BBC News 22 July 2021 - by Paul Rincon
Only a fraction of proteins made by the human genome have confirmed structures |
Artificial intelligence has been used to predict the structures of almost every protein made by the human body.
The development could help supercharge the discovery of new drugs to treat disease, alongside other applications.
Proteins are essential building blocks of living organisms; every cell we have in us is packed with them.
Researchers used a program called AlphaFold to predict the structures of 350,000 proteins belonging to humans and other organisms.
The instructions for making human proteins are contained in our genomes - the DNA contained in the nuclei of human cells.
There are around 20,000 of these proteins expressed by the human genome. Collectively, biologists refer to this full complement as the "proteome".
Commenting on the results from AlphaFold, Dr Demis Hassabis, chief executive and co-founder of artificial intelligence company Deep Mind, said: "We believe it's the most complete and accurate picture of the human proteome to date.
"We believe this work represents the most significant contribution AI has made to advancing the state of scientific knowledge to date.
"And I think it's a great illustration and example of the kind of benefits AI can bring to society." He added: "We're just so excited to see what the community is going to do with this."
Proteins are made up of chains of smaller building blocks called amino acids. These chains fold in myriad different ways, forming a unique 3D shape. A protein's shape determines its function in the human body.
The 350,000 protein structures predicted by AlphaFold include not only the 20,000 contained in the human proteome, but also those of so-called model organisms used in scientific research, such as E. coli, yeast, the fruit fly and the mouse.
This giant leap in capability is described by DeepMind researchers and a team from the European Molecular Biology Laboratory (EMBL) in the prestigious journal Nature.
AlphaFold was able to make a confident prediction of the structural positions for 58% of the amino acids in the human proteome.
The positions of 35.7% were predicted with a very high degree of confidence - double the number confirmed by experiments.

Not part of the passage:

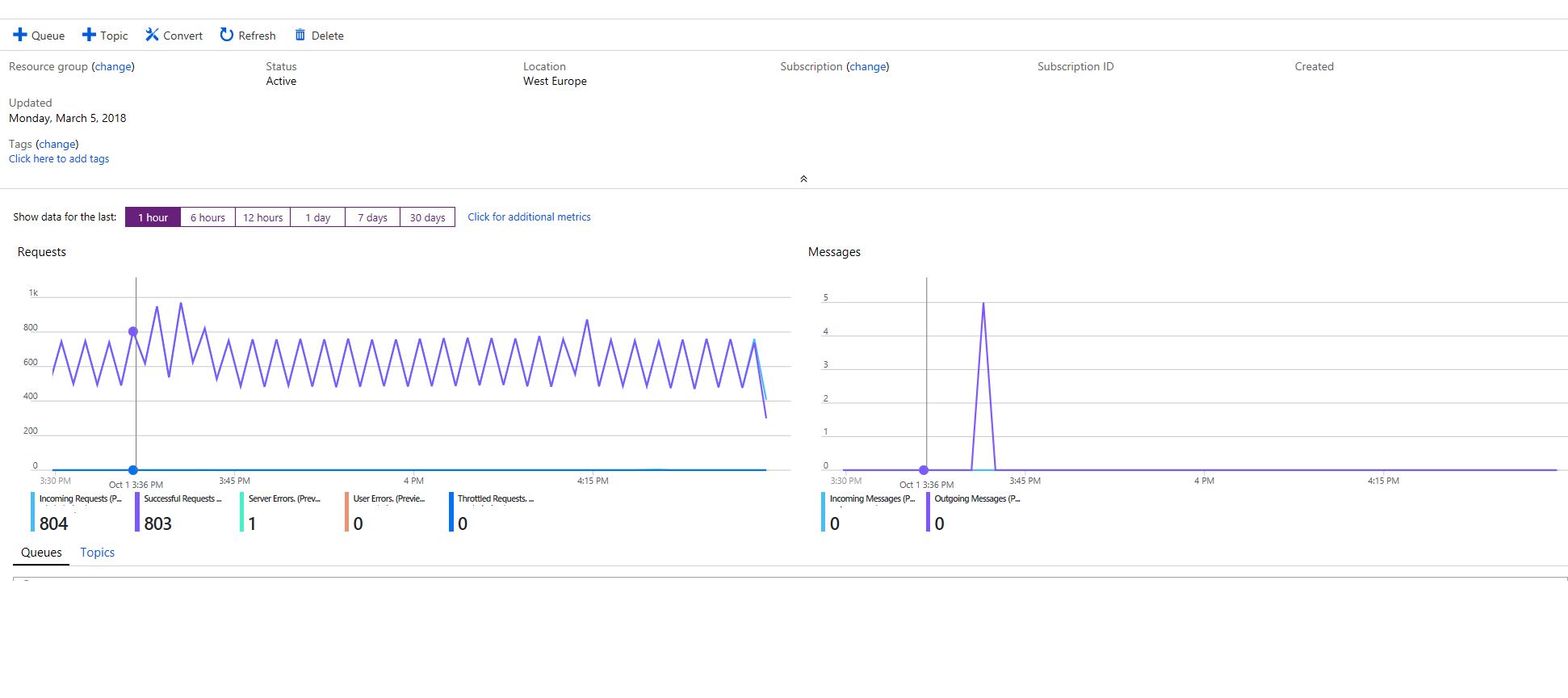 请参阅下面Azure服务总线中的指标。当流量较低时,想要在请求/响应的数量中识别背景噪声。假设振荡的请求\x响应潜伏在会话上的amqp握手。只是不明白这是什么类型的握手?从总线接收的客户端应该已经向总线(作为发件人)发出了信用。所以不应该需要投票。还是真的有?这里还有另一个背景流吗?

Traditional techniques to work out protein structures include X-ray crystallography, cryogenic electron microscopy (Cryo-EM) and others. But none of these is easy to do: "It takes a huge amount of money and resources to do structures," Prof John McGeehan, a structural biologist at the University of Portsmouth, told BBC News.
Therefore, the 3D shapes are often determined as part of targeted scientific investigations, but no project until now had systematically determined structures for all the proteins made by the body.

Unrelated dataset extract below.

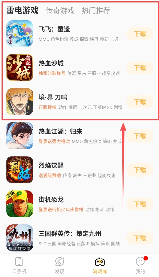 在“游戏库”里,你能够批量选择热血沙城、境界刀鸣这类想要的游戏,之后这些游戏就会在云手机中自动完成安装。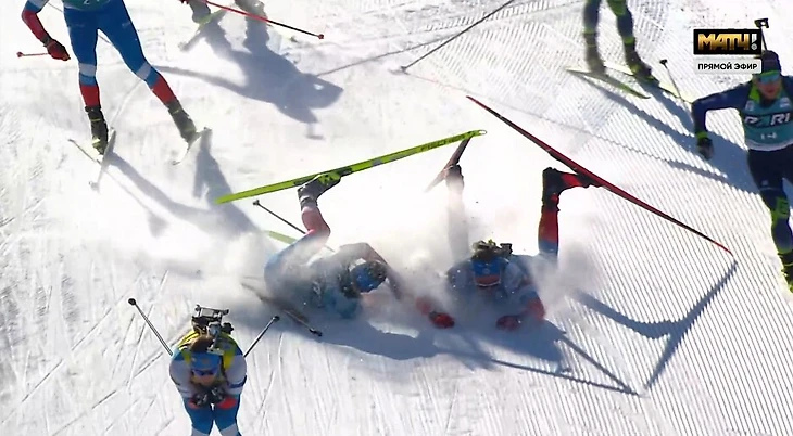 Бажин, хоть и не сошел с масс-старта, все равно пострадал от падения: промазал 9 раз и занял 26-е место. После гонки Кирилл вместе с Дмитрием Губерниевым покадрово разбирали повтор падения.

In fact, just 17% of the proteome is covered by a structure confirmed experimentally.
Commenting on the predictions from AlphaFold, Prof McGeehan said: "It's just the speed - the fact that it was taking us six months per structure and now it takes a couple of minutes. We couldn't really have predicted that would happen so fast."
"When we first sent our seven sequences to the DeepMind team, two of those we already had the experimental structures for. So we were able to test those when they came back. It was one of those moments - to be honest - where the hairs stood up on the back of my neck because the structures [AlphaFold] produced were identical."

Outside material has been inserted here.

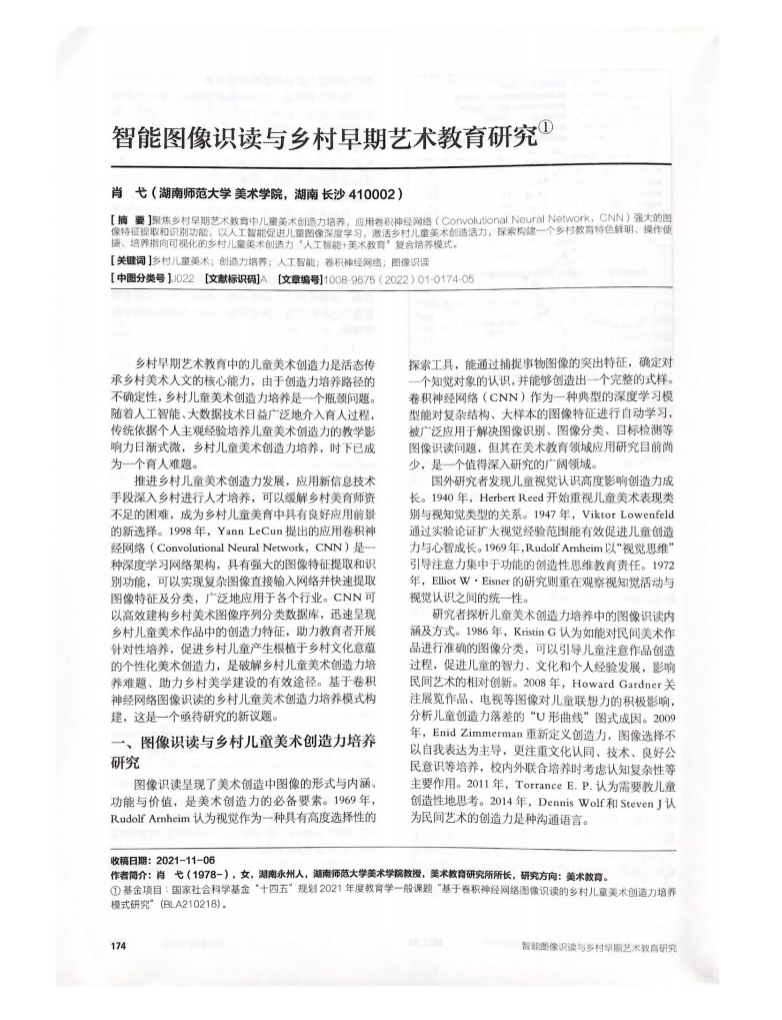 《智能图像识读与乡村早期艺术教育研究》发表于2022年第01期《美术与设计》

Prof Edith Heard, from EMBL, said: "This will be transformative for our understanding of how life works. That's because proteins represent the fundamental building blocks from which living organisms are made."
"The applications are limited only by our understanding."
Those applications we can envisage now include developing new drugs and treatments for disease, designing future crops that can resist climate change, and enzymes that can break down the plastic that pervades the environment.
Prof McGeehan's group is already using AlphaFold's data to help develop faster enzymes for degrading plastic. He said the program had provided predictions for proteins of interest whose structures could not be determined experimentally - helping accelerate their project by "multiple years".
Dr Ewan Birney, director of EMBL's European Bioinformatics Institute, said the AlphaFold predicted structures were "one of the most important datasets since the mapping of the human genome".
DeepMind has teamed up with EMBL to make the AlphaFold code and protein structure predictions openly available to the global scientific community.
Dr Hassabis said DeepMind planned to vastly expand the coverage in the database to almost every sequenced protein known to science - over 100 million structures.